Sementara itu, makin lama makin terbukti bahwa orang-orang yang mengeluh atau dilaporkan mengalami ketidak sehatan mental, justru adalah orang-orang normal (mentaati dan melaksanakan norm-norma masyarakat dengan baik). Orang-orang yang menderita stress dan depresi yang pada gilirannya bisa terkena penyakit-penyakit psikosomatis (sakit lambung, migrane dsb.) dan degeneratif (tekanan darah tinggi, penyakit gula dsb.) adalah para pengusaha sukses, para pejabat yang karirnya bagus dan pelajar-pelajar yang mendapat ranking tinggi. Korban-korban bunuhdiri pun bukan penderita schizophrenia atau psikoneurosis, melainkan pengusaha konglomerat dan murid sekolah (yang nilainya kalah bagus dari saudara kembarnya, atau yang mamanya tidak mampu memberi Rp 2.500 untuk kegiatan eks-kul).
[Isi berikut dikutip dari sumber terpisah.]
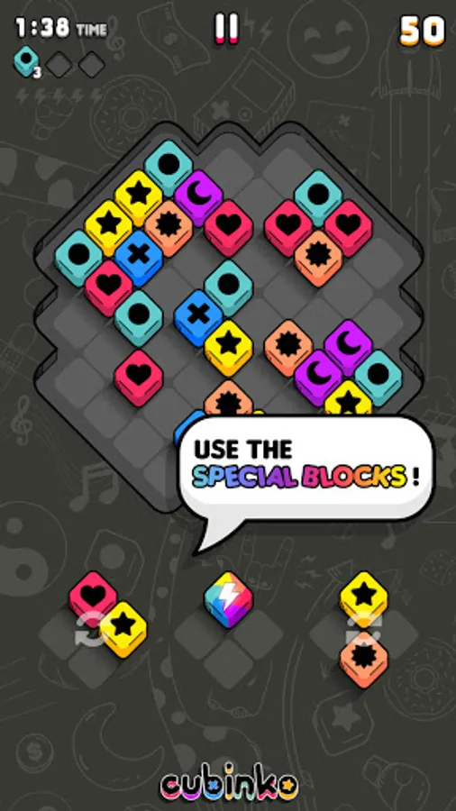 Your puzzle skills will be put to the test with this new match 3 game mode! Our exclusive ink blocks will expand your mind in ways you never imagined in this addictive puzzle game. Enjoy the satisfaction of fitting pieces perfectly into place, filling the board with an explosion of colors, and with an extremely fun design!

Pelajar di Medan yang membunuh seluruh keluarganya sendiri pun adalah remaja yang perilakunya sehari-hari cukup baik.

Demikian pula, para terhukum dalam kasus pemboman, semuanya mempunyai catatatan riwayat hidup sebagai muslim yang baik, taat beribadah dan pandai bergaul (baik dengan tetangga, banyak santrinya dsb.). Bagaimana mungkin orang-orang yang sangat normal itu justru melakukan hal-hal yang sangat destruktif?

Sebaliknya, fakta menunjukkan bahwa mereka yang berani memakai kondom, atau bahkan mengaborsi kandungannya (melanggar norma), jutru bisa hidup lebih normal (melanjutkan sekolah, berkarir, menikah dan mempunyai anak-anak), ketimbang yang memilih pernikahan dini (mengikuti norma) yang biasanya berakhir dengan perceraian, kekerasan domestik (terhadap isteri dan anak-anak) dsb.
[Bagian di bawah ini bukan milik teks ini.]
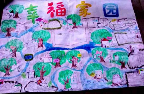 幸福家园,书本是中间的水源,第一个词语我写了诚实。之后大家一起写了勇敢、善良、有爱……

Kasus-kasus di luar negeri pun menunjukkan makin banyaknya orang normal (taat pada norma) yang menderita gangguan mental. Di Jepang, angka bunuh diri yang tertinggi adalah di kalangan pelajar yang ibunya sangat berambisi agar anaknya selalu jadi bintang pelajar. Di AS, seorang anak yang sehari-hari tampak pendiam, bisa tiba-tiba membunuh teman-teman sekolahnya sendiri dan gurunya dengan senapan serbu. Presiden Bush adalah orang Amerika nomor satu dan karenanya boleh disebut sebagai orang yang paling normal di AS, tetapi iapun menyerang Irak hanya berdasarkan halusinasinya saja tentang senjata-senjata biologis yang disimpan oleh Saddam Husein.